■ **DATA PROVIDED**:
· · · · · · ·

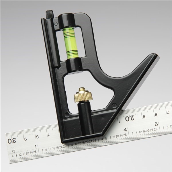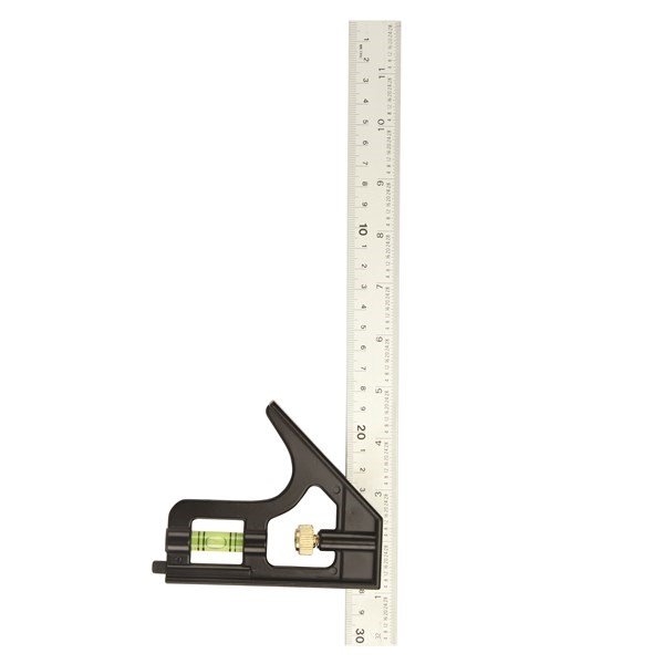 Suitable for use as inner or outside try square, mitre square, horizontal, 45° and plumb level, depth and marking gauge and rule
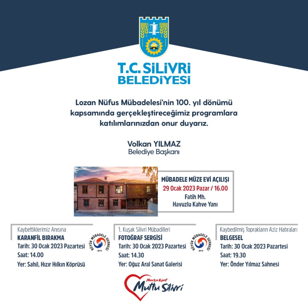 İstanbul Valiliği ve Silivri Belediyesi iş birliğiyle yapımı tamamlanan Mübadele Müze Evi, 29 Ocak 2023 Pazar günü hizmete açılıyor. Silivri Belediye Başkanı Volkan Yılmaz’ın ev sahipliğinde düzenlenecek olan törene; Kültür ve Turizm Bakanı Mehmet Nuri Ersoy ve İstanbul Valisi Ali Yerlikaya’nın katılması bekleniyor.
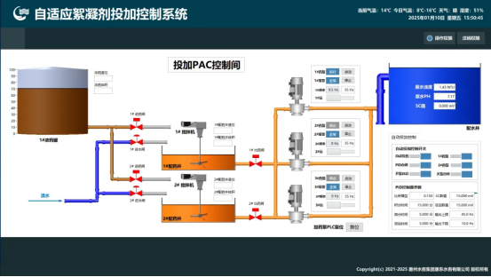 系統(tǒng)主要功能 該系統(tǒng)具備絮凝劑智能投加功能,通過多參數(shù)水質(zhì)數(shù)據(jù)(流量/溫度/濁度/pH等)自動調(diào)節(jié)PID實現(xiàn)精準(zhǔn)控制,同步兼容手動干預(yù)模式。實時監(jiān)測藥罐液位與攪拌狀態(tài),確保藥劑配備充分、混合均勻,保障絮凝工藝穩(wěn)定高效運行。

· · · · · · ·

■ **WHAT YOU WILL DO**: Restate exactly, and only, the lines from the one that holds "İstanbul Valiliği ve" down to the last line of the material above. Omit the pictures.

■ **YOUR RESPONSE**:
 İstanbul Valiliği ve Silivri Belediyesi iş birliğiyle yapımı tamamlanan Mübadele Müze Evi, 29 Ocak 2023 Pazar günü hizmete açılıyor. Silivri Belediye Başkanı Volkan Yılmaz’ın ev sahipliğinde düzenlenecek olan törene; Kültür ve Turizm Bakanı Mehmet Nuri Ersoy ve İstanbul Valisi Ali Yerlikaya’nın katılması bekleniyor.
 系統(tǒng)主要功能 該系統(tǒng)具備絮凝劑智能投加功能,通過多參數(shù)水質(zhì)數(shù)據(jù)(流量/溫度/濁度/pH等)自動調(diào)節(jié)PID實現(xiàn)精準(zhǔn)控制,同步兼容手動干預(yù)模式。實時監(jiān)測藥罐液位與攪拌狀態(tài),確保藥劑配備充分、混合均勻,保障絮凝工藝穩(wěn)定高效運行。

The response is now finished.